Modular fusion techniques and LLM-driven protocols enable dynamic, goal-oriented coordination and multi-task cooperation across diverse sensor systems and network conditions.

Semantic communication for cooperative swarms is a paradigm in which multiple autonomous agents—such as vehicles, drones, or mobile robots—exchange only task-relevant semantic information, rather than raw sensory data, to collaboratively achieve global objectives in dynamic and resource-constrained environments. Central to this approach are methods for extracting, compressing, transmitting, and fusing distributed semantic representations over unreliable wireless links, with a focus on maximizing joint task performance, minimizing bandwidth and energy costs, and ensuring robust operation under noise, fading, and agent or topology variations.

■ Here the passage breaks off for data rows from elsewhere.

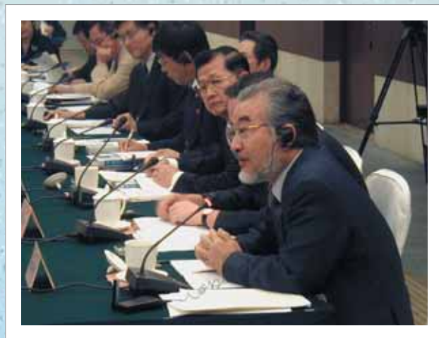
第3回日中中学長会議にて（2004年8月2日 中国）
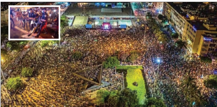
تظاهرات هزاران اسرائیلی علیه نتانیاهو به خشونت کشیده شد

حقوق بشر» تشدید شده است، واشنگتن به اتباع خود در این کشور نسبت به خطر فرآینده «بازداشت های خودسرانه» هشدار داد. وزارت
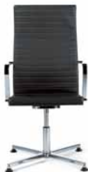
250.4100 + al251
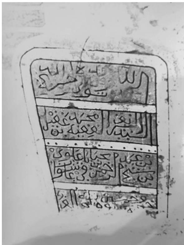
Ил. 8.1. Краткая эпитафия надгробия. Фото, сделанное П.А. Грязневичем в 1988 г. Поселение Қарат ас-Санāхиджа
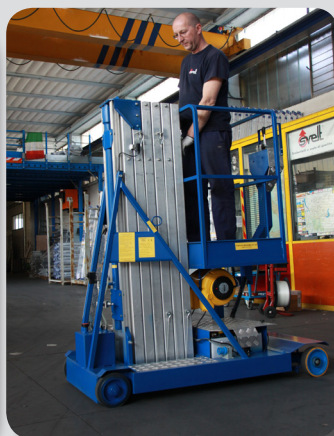
Comodo accesso da terra
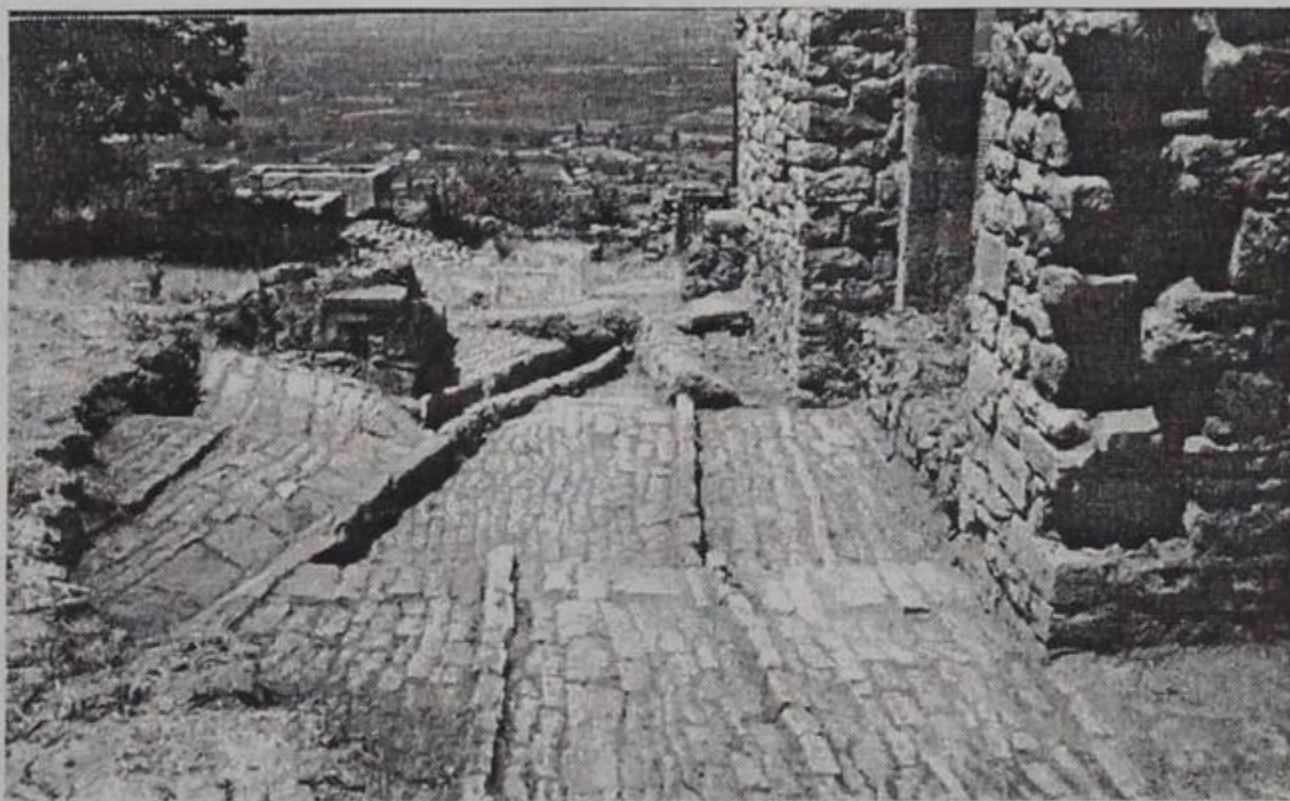
Καλντερίμι στην οικία Χάμκως.

Η πρόσφατη ανασκαφική έρευνα, σύμφωνα με τις υπεύθυνες αρχαιολόγους της ανασκαφής έδωσε θραύσματα αγγείων που μαρτυρούν την κατοίκηση του λόφου ήδη από την Ύστερη Χαλκοκρατία (12ος αι. π.Χ.).
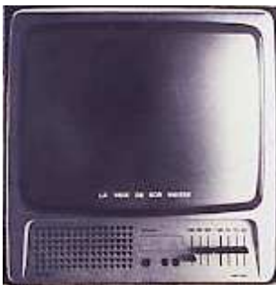
Jaon Rabascall La voix de son maître , 1975 Toile photographique n/b sur châssis 100 x 100 cm Collection Frac Limousin
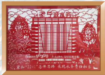
奋进新征程，建功新时代
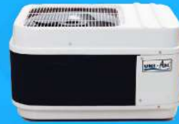
Fiber Glass Casing Condensing Unit 10,000-60,000 BTU/H
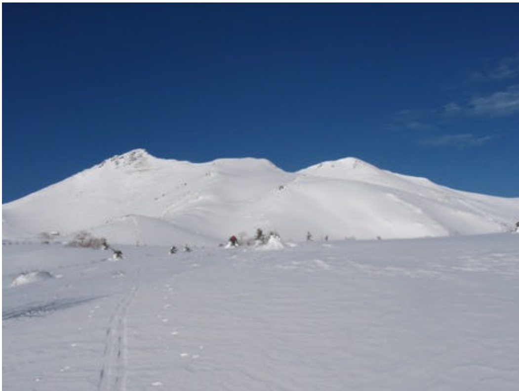
写真-9 氷の面が出ている位ヶ原を肩ノ小屋に向かう（正面は摩利支天岳）
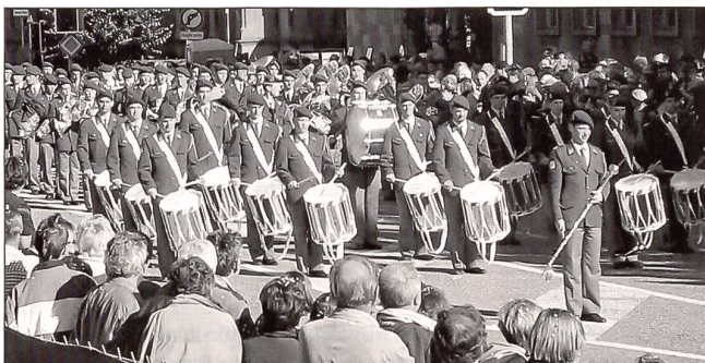
Um die 30 000 Zuschauer sahen den traditionellen Umzug am «Fête des Vendanges»
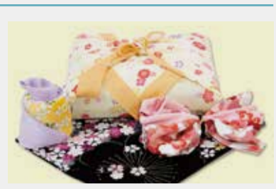
友禅風呂敷 参考価格2,000~2,800円の品 1,000円~
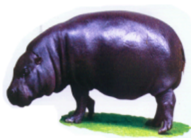
ꠘꠟꠟꠟ (জলহচতি) জলহস্তী (Hippopotamus)
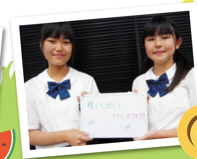
▲昨年度の夏のボランティア参加者の様子(事前説明会にて)
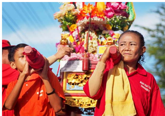
Gambar 14 Ibu dan Anak Memikul Bersama (F: 1.8, SS: 1/4000, ISO: 200)

Ekpresi kebersamaan juga tidak luput dari jepretan fotografer. Banyak macam foto yang bisa didapatkan dari acara ini. Meskipun masih dalam konteks foto dokumentasi, fotografer bisa bereksplorasi dan menangkap sesuatu yang bermacam-macam. Ibu dan anak menjadi ekspresi kebersamaan yang sangat dramatis. Dalam foto, karakter warna yang ditonjolkan adalah warna-warna hangat untuk menambah kesan natural pada sore hari dan kuat. Dalam fotografi warna yang agak kemerahan dikenal dengan warna hangat ( warm ) sedangkan warna yang agak kebiruan dikenal dengan warna dingin ( Cool ). Warna yang tertinggal tersebut sejatinya bisa dinetralkan dengan penggunaan filter atau White Balance .

1. System Architectures and Key Building Blocks

Semantic communication for cooperative swarms systematically organizes sensing, communication, and decision-making across agents. A general formulation (Sheng et al., 2023, Sheng et al., 2024, Razlighi et al., 2024) comprises:

Per-agent backbone: Each agent $k$ acquires local sensory observations $X^k$ (LiDAR, camera, radar, etc.) and extracts features $F^k = \Phi(X^k)$ .
Importance map encoder: Network $P(\cdot)$ produces a soft saliency mask $C^k = P(F^k)$ , yielding sparse, semantically compressed features $M^k = F^k \odot C^k$ .
Semantic encoder/decoder: A CNN-based encoder $\Psi_s(\cdot)$ maps $M^k$ into channel symbols $T^k$ (e.g., $\mathbb{C}^{H' \times W'}$ ), and the decoder $\Psi_d(\cdot)$ reconstructs $R^k \approx M^k$ from noisy receptions.
Physical layer adaptation: Transmission over AWGN, Rayleigh, or OFDM (with channel estimation and equalization) ensures resilience to time-varying fading and multipath (Sheng et al., 2023, Sheng et al., 2024).
Fusion and cooperative task head: Intermediate fusion module $\chi(\cdot)$ aggregates received features across the swarm, often via self-attention or graph neural networks, followed by a task head $\Gamma$ for final decision outputs (e.g., bounding boxes, control actions, semantic segmentation).
Extensions: Modular adaptability to multi-modal sensors, hierarchical communication rates (compression ratios $\mathrm{CR}$ ), feedback channels, and role-adaptive encoding is supported (Sheng et al., 2023, Razlighi et al., 2024, Xu et al., 2 Nov 2025).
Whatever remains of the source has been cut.